1. Your agent specifies which columns need scaling and if you want Standard (Z-Score) or MinMax scaling.
2. The engine runs the deterministic mathematical calculation on your data, applying the specified transformation to all selected features.
3. You receive the newly scaled dataset, along with a report detailing the precise metrics (mean, std dev, min, max) used for the conversion.

## Frequently Asked Questions

**Does Feature Scaler Engine handle categorical data?**
No. This MCP only processes numeric columns. You must encode any text or category variables into numbers before running `scale_features`.

**How does the scale_features tool work with different types of models?**
It prepares data for mathematical algorithms, including K-Means clustering and neural networks. The goal is to give all input features equal weight in the model’s calculations.

**Can I use Feature Scaler Engine for MinMax scaling only?**
Yes. You can specify MinMax scaling, which guarantees that your data range falls between 0 and 1. This is useful when you need to constrain input values.

**Is the math done by the AI client or the MCP?**
The calculation happens deterministically via the engine's CPU, not your AI client. This prevents mathematical errors (hallucinations) common when LLMs perform complex arithmetic.

**What happens if I run `scale_features` with missing values in my numeric columns?**
The tool handles nulls by treating them as defined gaps. It uses standard statistical methods to ignore these missing entries when calculating the mean or standard deviation, ensuring your scaling process doesn't fail due to incomplete data.

**How does `scale_features` perform when working with massive datasets?**
Because it performs calculations using dedicated CPU resources, `scale_features` processes large volumes of data very quickly. You can expect deterministic scaling results even across millions of rows without significant performance bottlenecks.

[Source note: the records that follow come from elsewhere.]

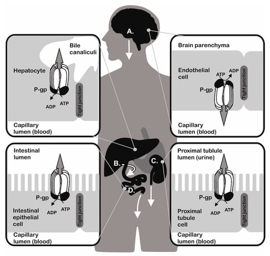 Biological function of P-glycoprotein (P-gp) in various tissues. (A) The blood-brain barrier separates blood circulating in the brain capillaries from the brain tissue. P-gp is one of the blood-brain barrier components and is localized on the luminal side of brain micro-capillary endothelial cells, where it prevents the penetration of xenobiotics through the endothelium to brain tissue; (B) P-gp promotes the excretion function of liver by transporting substances with limited solubility in water and their metabolites formed by enzymes of the first and second phase of liver detoxification machinery from hepatocytes into the bile; (C) P-gp in the proximal tubule cells of the nephrons secures elimination of water soluble substances via urine; (D) The gut blood barrier prevents the absorption of pathogens and toxins from diet [21,22]. P-gp is localized in the mucosal cells of the small intestine and promotes the integrity of the gut blood barrier by pumping harmful substances into the lumen of the intestines.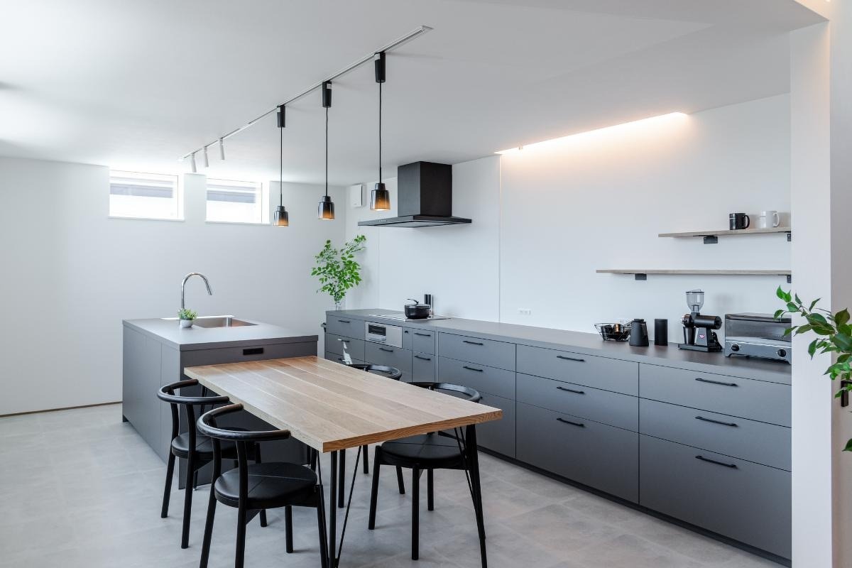 LDKは2階に配置。キッチンハウスのオーダーキッチンを軸に、高窓、魅せる収納、照明、巾木など細部に渡るデザインに配慮しています。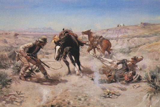 Roping a Wolf by the neck White Modern Wood Framed Art Print with Double Matting by Russell, Charles Marion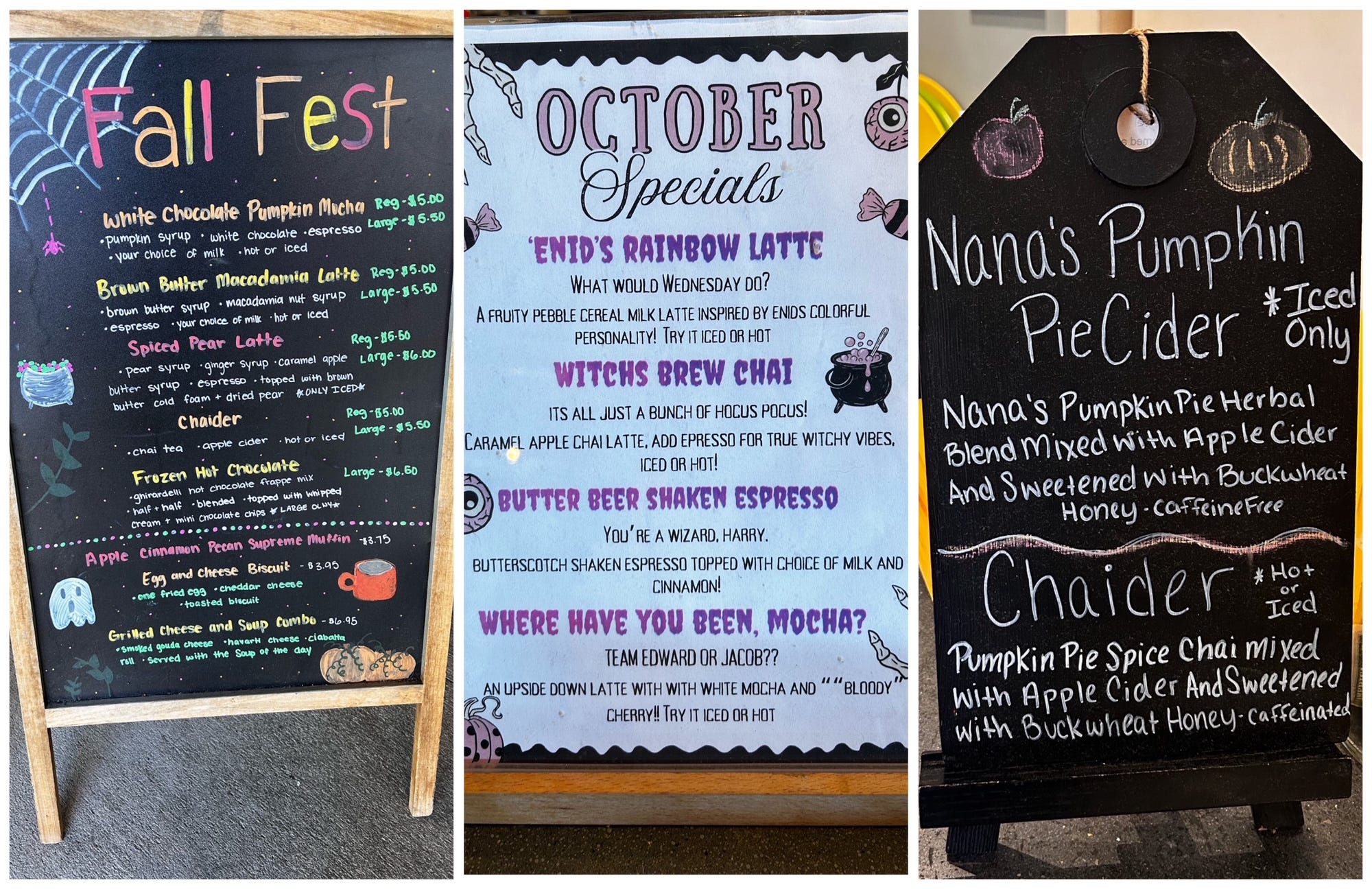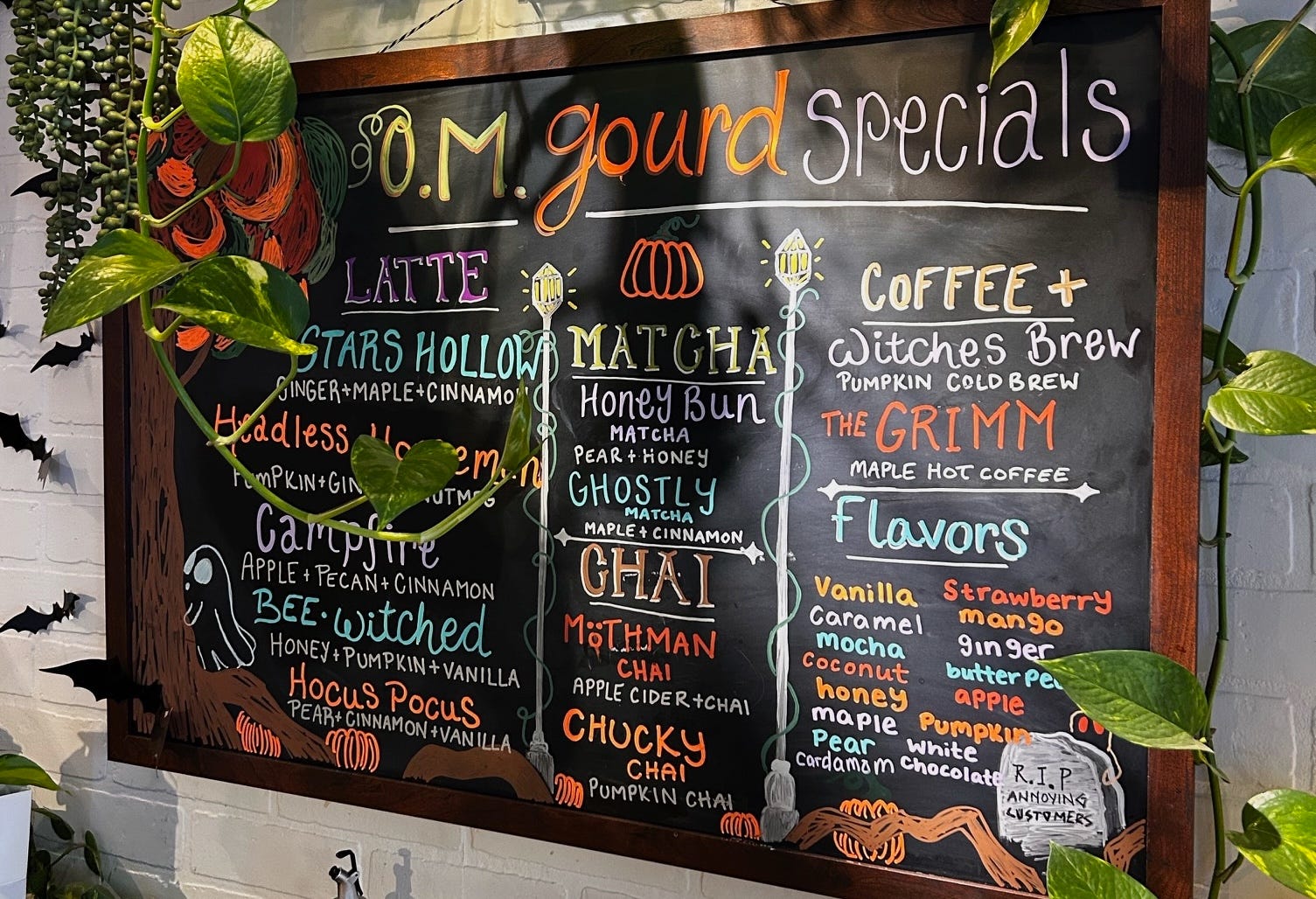 Broadway Coffee Co. arguably has the largest fall-themed menu, including lattes, matcha and chai beverages made with fall flavors. They also have seasonal coffee flavors including standouts Witches Brew pumpkin cold brew and The Grimm maple hot coffee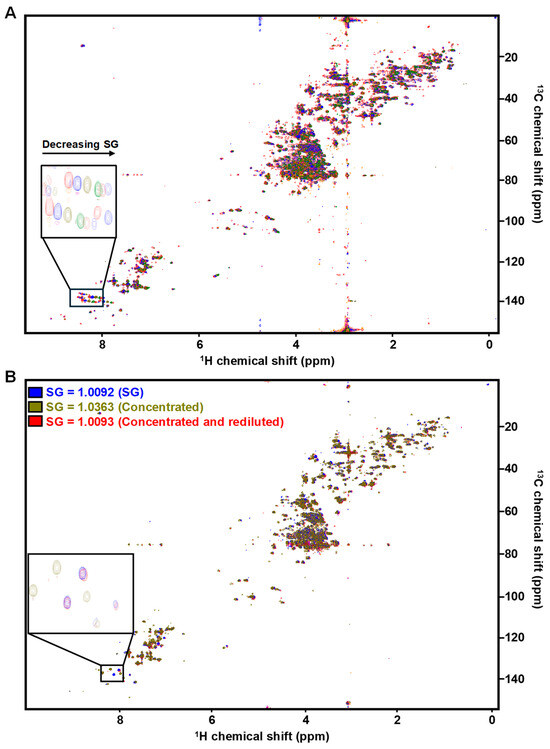 Figure 2. SG impacts chemical shift. (A) HSQC spectral overlay of same pooled urine at six different SG values as described in Figure 1. Many resonances display chemical shift perturbation as a function of SG, such as those for histidine and 3-methylhistamine (inset). (B) HSQC overlay of the same pooled urine (SG = 1.0092) (blue), concentrated 5× (SG = 1.0363) (green) or concentrated and then re-diluted (SG = 1.0093) (red). Re-diluted samples resolve the chemical shift perturbations observed in concentrated samples.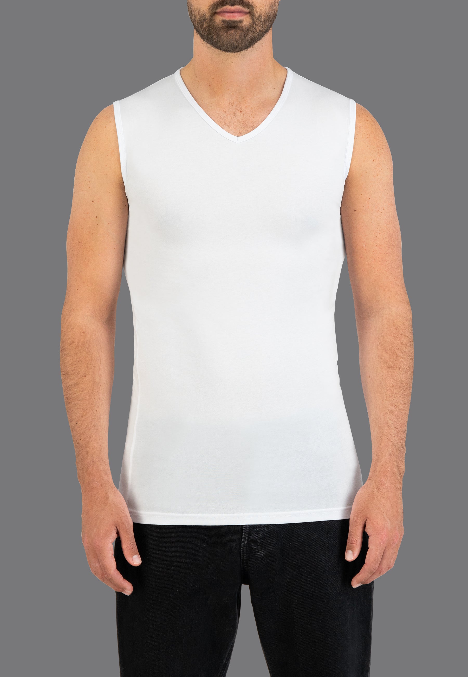 Mouwloos T-shirt in stretch kwaliteit. Dit T-shirt zonder mouwen is zeer geschikt voor gelegenheden waarbij de mouwen niet zichtbaar mogen zijn, denk aan bruiloften.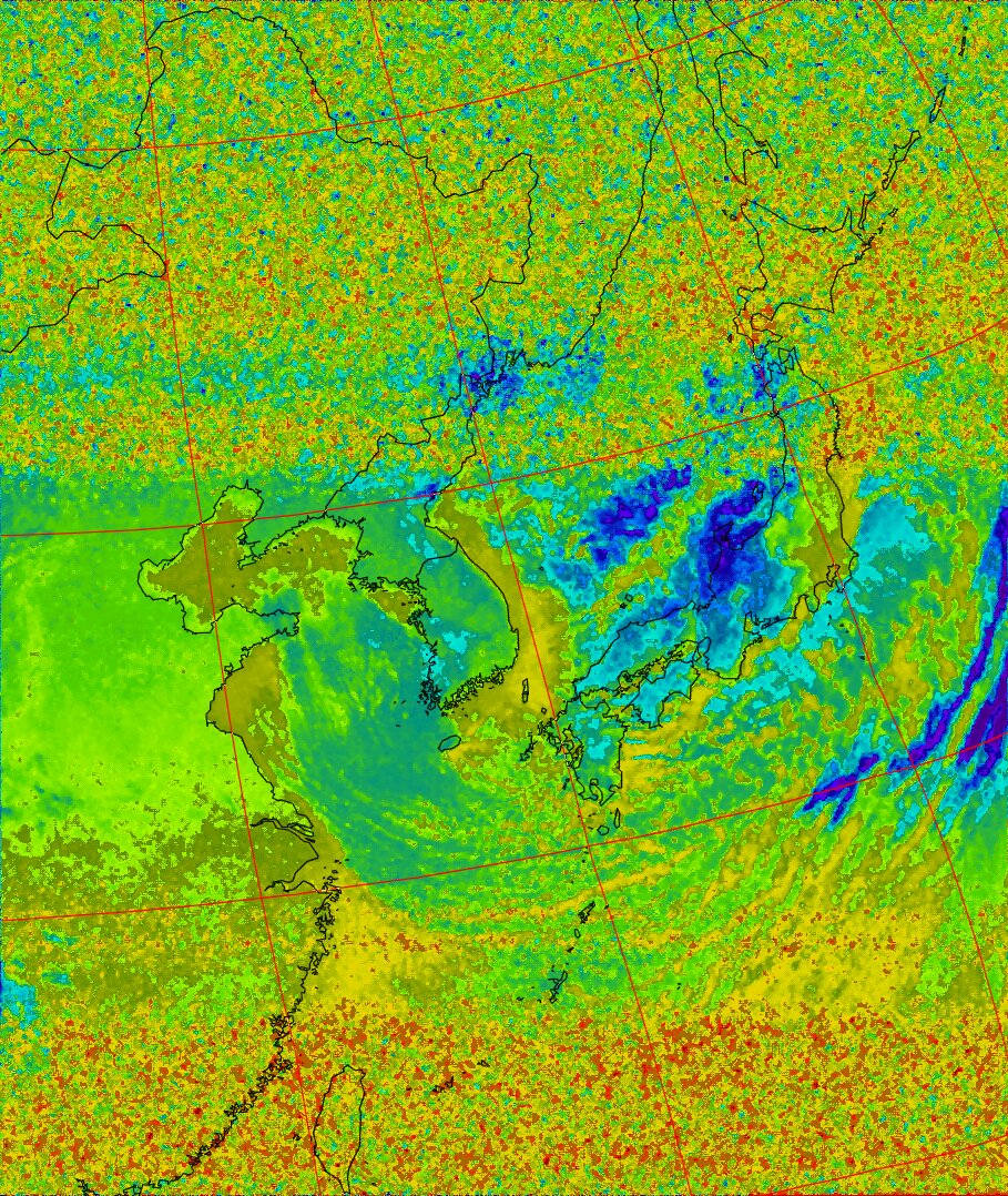 | NOAA18 22:50:10~23:05:20 進行方向(南から北) 最大昇角(36°) 方角(西) |

**When I use `scale_features`, how do I get the original metrics (Means and Std Devs)?**
The output includes a detailed metric summary. This structure returns the exact Means, Standard Deviations, Mins, and Maxs used for scaling each column, which is crucial for auditing or reversing the transformation later.

**Do I need to install any special dependencies before using `scale_features`?**
No. Since you're accessing this MCP through Vinkius, all necessary libraries and backend services are managed by our platform. You just connect your AI client, and the tool is immediately available for use.

**What is the difference between Standard and MinMax scaling?**
Standard scaling (Z-Score) centers data at 0 with a variance of 1, ideal for algorithms that assume normally distributed features. MinMax compresses all values precisely between 0 and 1, ideal for neural networks and distance-based algorithms.

**Are the computed scaling parameters returned for inverse transforms?**
Yes. The JSON response includes the exact Mean and Std Dev (for Standard) or Min and Max (for MinMax) used to scale each column, enabling precise inverse transformations when needed.

**Can it scale 10+ columns at once?**
Absolutely. Pass a JSON array of all column names and they will all be scaled simultaneously in memory. The engine processes each column independently with its own computed metrics.